▶ **What you have to do**
Repeat the listing exactly as given, omitting every image.

▶ **Input data**

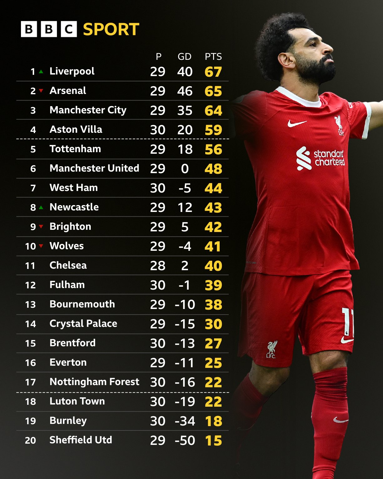Όσο για την πρωτοπόρο Λίβερπουλ, η ήττα με 3-1 από την Άρσεναλ στις 4 Φεβρουαρίου παραμένει η μοναδική της ήττα στο πρωτάθλημα σε 10 αγώνες μέχρι στιγμής το 2024.
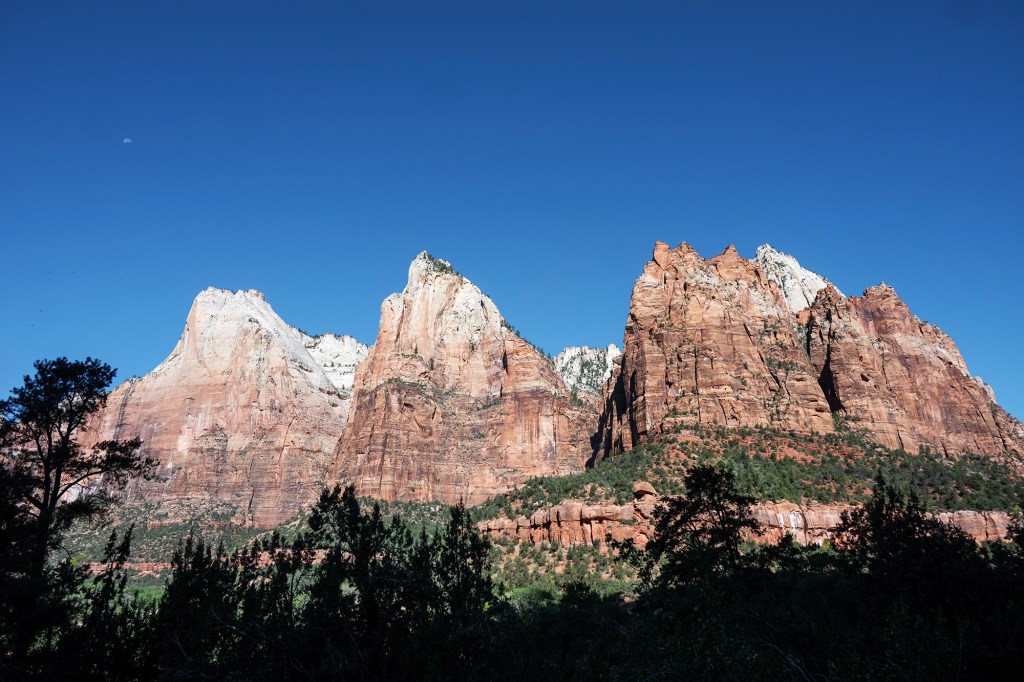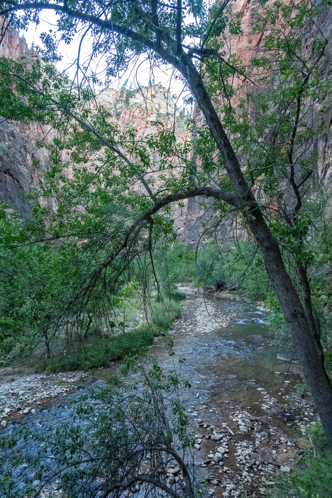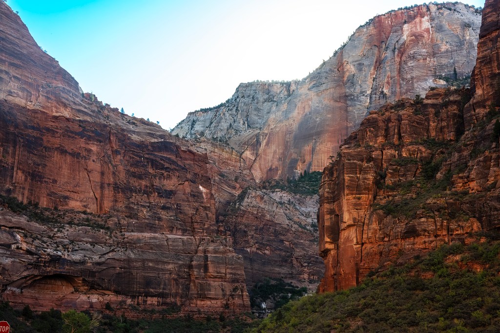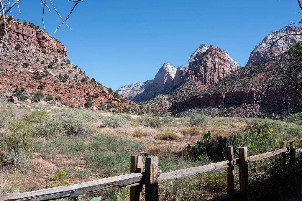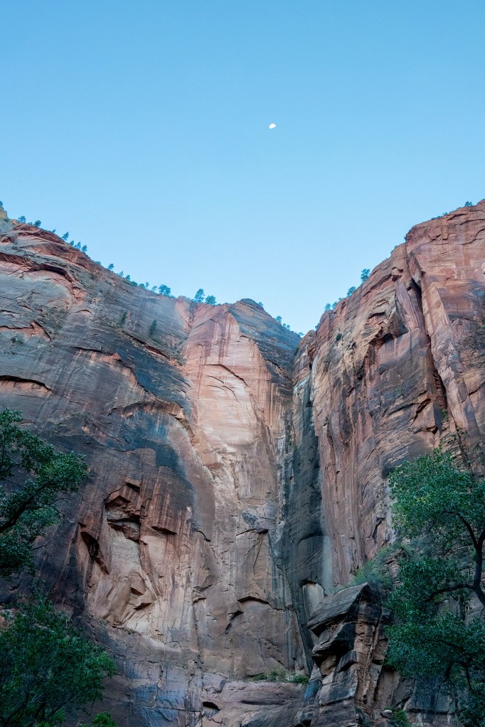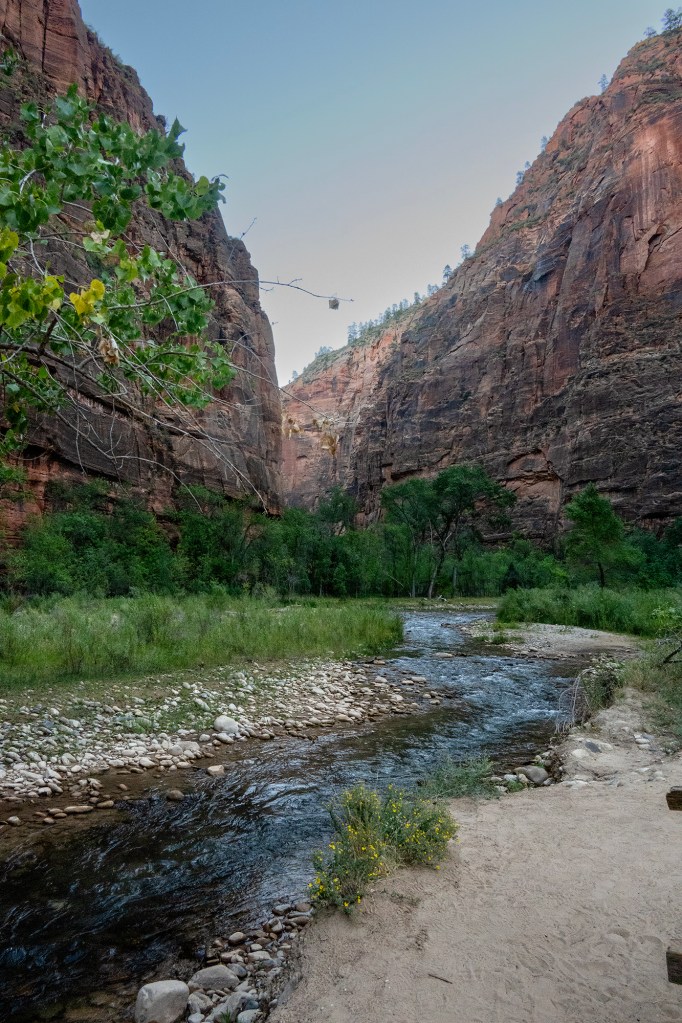 Zion, one of the US’s most popular parks, is located at the intersection of Three major ecosystems – Mojave Desert, Colorado Plateau and Great Basin Valley. It was established as a national park in 1919. The park is essentially a narrow valley in the midst of very tall formations, with the Virgin River flowing through. The river initially flows through a narrow slot canyon 100′ below sandstone cliffs. This section, called the Narrows, is a very popular hiking location which offers the experience of wading in the river for as far as six miles up a much longer canyon.
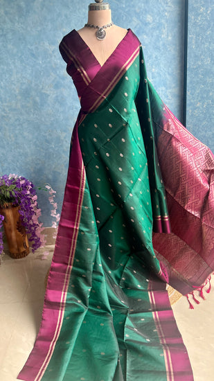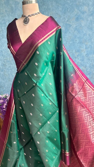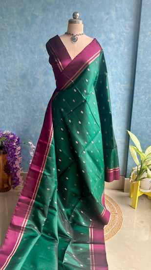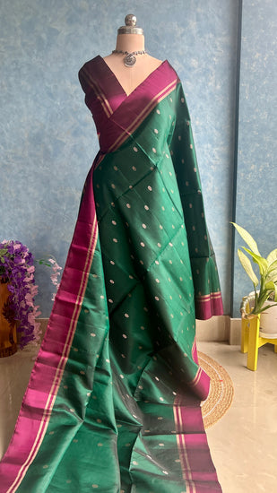 Deep Green Kanchipuram Silk Saree with Zari Buta on the body with contrast border. Includes unstitched blouse.

▶ **The answer**
Όσο για την πρωτοπόρο Λίβερπουλ, η ήττα με 3-1 από την Άρσεναλ στις 4 Φεβρουαρίου παραμένει η μοναδική της ήττα στο πρωτάθλημα σε 10 αγώνες μέχρι στιγμής το 2024.
 Zion, one of the US’s most popular parks, is located at the intersection of Three major ecosystems – Mojave Desert, Colorado Plateau and Great Basin Valley. It was established as a national park in 1919. The park is essentially a narrow valley in the midst of very tall formations, with the Virgin River flowing through. The river initially flows through a narrow slot canyon 100′ below sandstone cliffs. This section, called the Narrows, is a very popular hiking location which offers the experience of wading in the river for as far as six miles up a much longer canyon.
 Deep Green Kanchipuram Silk Saree with Zari Buta on the body with contrast border. Includes unstitched blouse.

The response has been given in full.